%%

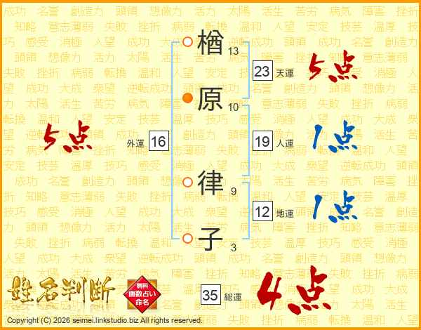 楢原律子さんの総運は35画の4点!
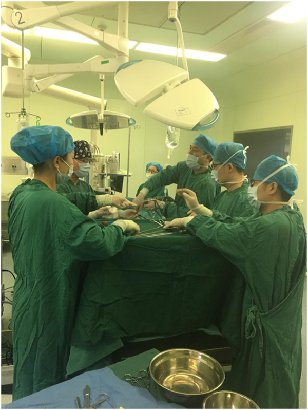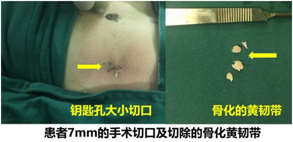 2018年05月24日,经过周密的术前讨论,详细制定手术计划,在手术室全体医护人员的精心配合下,高增鑫副院长亲自为患者实施了“经皮内镜胸椎骨化黄韧带切除,胸椎管减压”,手术历经 2个小时,最终成功为患者解除了胸椎脊髓的压迫,术中基本无出血,术中在去除骨化的黄韧带减压后,3年的不全瘫即刻改善,患者胸腹部紧箍束带感消失,双下肢随即温暖轻松,足背伸功能恢复,术后第一天双下肢即可直腿抬高。
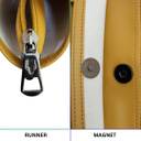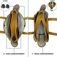 Featuring soft, easy-to-carry handles, this tote bag ensures maximum comfort throughout the day. The handles are designed to sit gently on your shoulder or rest easily in your hand without causing strain. And, equipped with a magnetic snap button and zipper closure, this bag helps keep your items securely enclosed. The zipper closure ensures the main compartment stays shut during travel, while the magnetic snap provides quick access when needed. This combination adds a layer of functionality and peace of mind for users carrying essential items.
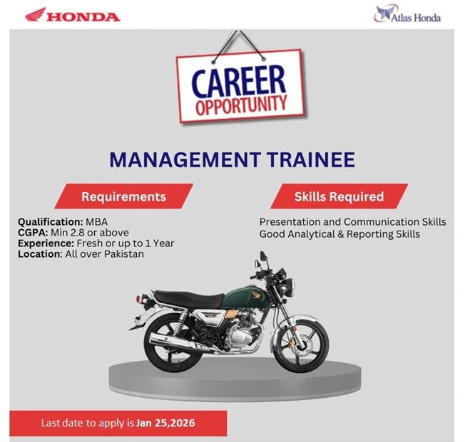 Atlas Honda Limited is seeking talented individuals for the Management Trainee - Marketing Program. Be part of a dynamic team shaping the future of the automotive industry. Fresh ideas, innovation, and growth await. Equal opportunity employer, females are highly encouraged to apply.
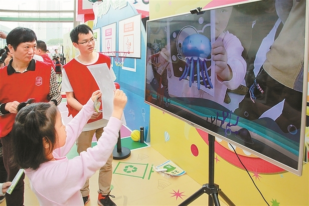 在不久前在深圳市少年宫举行的“2017青少年环保节”上,主办方为孩子们准备了丰富多彩互动游戏、环保演出、绘画、展览、演讲等活动。据主办方之一的市人居委工作人员介绍,此次活动展现了深圳青少年热爱环保,参与环保的良好形象,也有助提升青少年环境素养和环境行为水平、激发广大市民建设生态深圳的热情。
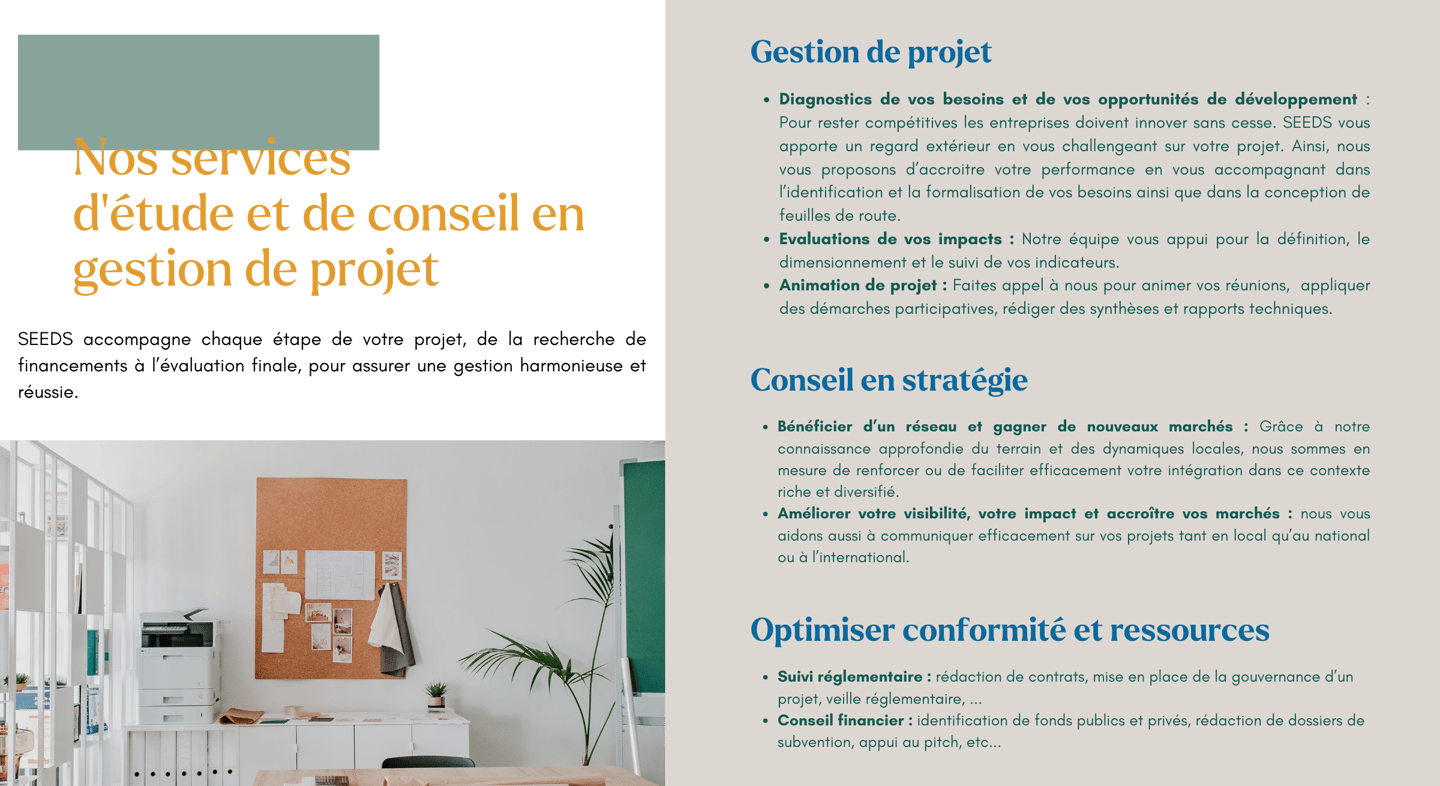 En outre, SEEDS apporte une contribution significative aux initiatives des institutions publiques telles que les universités, les centres de recherche et les collectivités. Nous nous engageons à collaborer étroitement avec ces entités pour fournir une assistance technique et stratégique, notamment en répondant aux appels à projets. Notre expertise diversifiée et notre capacité à comprendre les enjeux complexes nous permettent d'apporter des solutions innovantes et efficaces à divers types de projets.
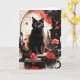 Aquarellfarbenes Schwarz-Katzenportrait Splash-Kunst mit roten Blume auf einem roten und schwarzen Hintergrund. Blank Grußkarte zum Geburtstag, Jubiläum, neues Baby, danke, Beileid, etc.
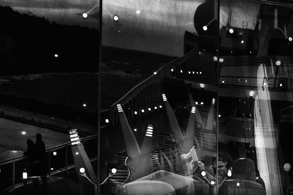"... Through my shadow projected on the bulkheads, through my profile drawn in the light, through my silhouette repeated in a endless mirror game, I tell you my story, which is the story of a thousand, an hundred thousand people. I become one body in the apparent chaos of a cruise ship, big beast to which, although for a short time, I belong."
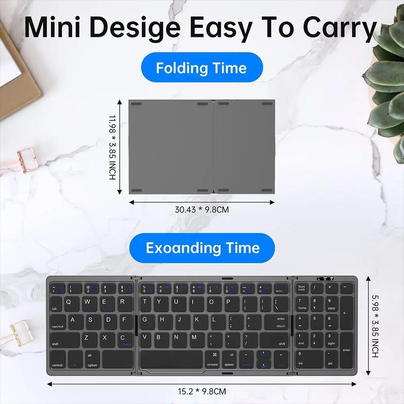 Travaillez plus confortablement où que vous soyez grâce au clavier Bluetooth pliable en trois parties B089. Conçu pour une utilisation quotidienne polyvalente, ce clavier sans fil compact se déplie pour offrir un clavier complet pratique avec un pavé numérique dédié, puis se replie en un format plus compact, idéal pour les déplacements, lorsqu’il n’est pas utilisé. C’est un excellent choix pour le travail mobile, les études, les voyages d’affaires, les trajets quotidiens et le télétravail.
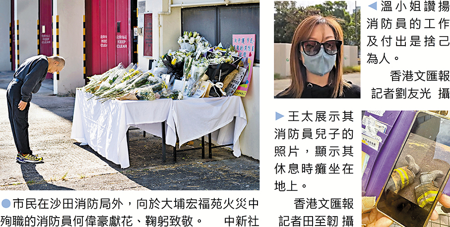 (香港文匯報記者 田至韌、康敬、蕭景源)在宏福苑大火中,香港消防員英勇無畏、徹夜救災的表現令人讚賞。不幸地,37歲的消防員何偉豪在烈火中英勇殉職。他生前駐守的沙田消防局昨日下半旗誌哀及舉行默哀儀式。大批市民到場獻花致敬及送上心意卡悼念,讚揚消防員的工作及付出:「多謝佢捨己為人,為人民服務。」有消防員家屬和退休消防處救護員亦專程到弔唁處悼念何偉豪等罹難者。
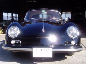 この車両はシートはGT用に仕上がったもの、GTミラーはアルミ製、ロールバーはGT風にワンオフ製作、'58のGTということでエンジンフードのスリットは5本、内側に折り返し無し、サイドの亀裂止めホール無しで製作し、アクアマリーンメタリックで仕上げました。 ただオーナー、私、共にアクアマリーンメタリックに塗られた356を見たことが無い為、こんな感じでは?といった具合で、ほとんど私の独断でこの色になりました。 来店なさる方々には、なかなかの評判なのですが、未だに、こんな色なのだろうか?と見るたびに考えています。 |

%%

What the task requires »
In the entries above, every line from the line with "在不久前在深圳市少年宫举行的" to the line with "Aquarellfarbenes Schwarz-Katzenportrait Splash-Kunst" is to be printed exactly, with both ends included and pictures excluded.

Task response »
 在不久前在深圳市少年宫举行的“2017青少年环保节”上,主办方为孩子们准备了丰富多彩互动游戏、环保演出、绘画、展览、演讲等活动。据主办方之一的市人居委工作人员介绍,此次活动展现了深圳青少年热爱环保,参与环保的良好形象,也有助提升青少年环境素养和环境行为水平、激发广大市民建设生态深圳的热情。
 En outre, SEEDS apporte une contribution significative aux initiatives des institutions publiques telles que les universités, les centres de recherche et les collectivités. Nous nous engageons à collaborer étroitement avec ces entités pour fournir une assistance technique et stratégique, notamment en répondant aux appels à projets. Notre expertise diversifiée et notre capacité à comprendre les enjeux complexes nous permettent d'apporter des solutions innovantes et efficaces à divers types de projets.
 Aquarellfarbenes Schwarz-Katzenportrait Splash-Kunst mit roten Blume auf einem roten und schwarzen Hintergrund. Blank Grußkarte zum Geburtstag, Jubiläum, neues Baby, danke, Beileid, etc.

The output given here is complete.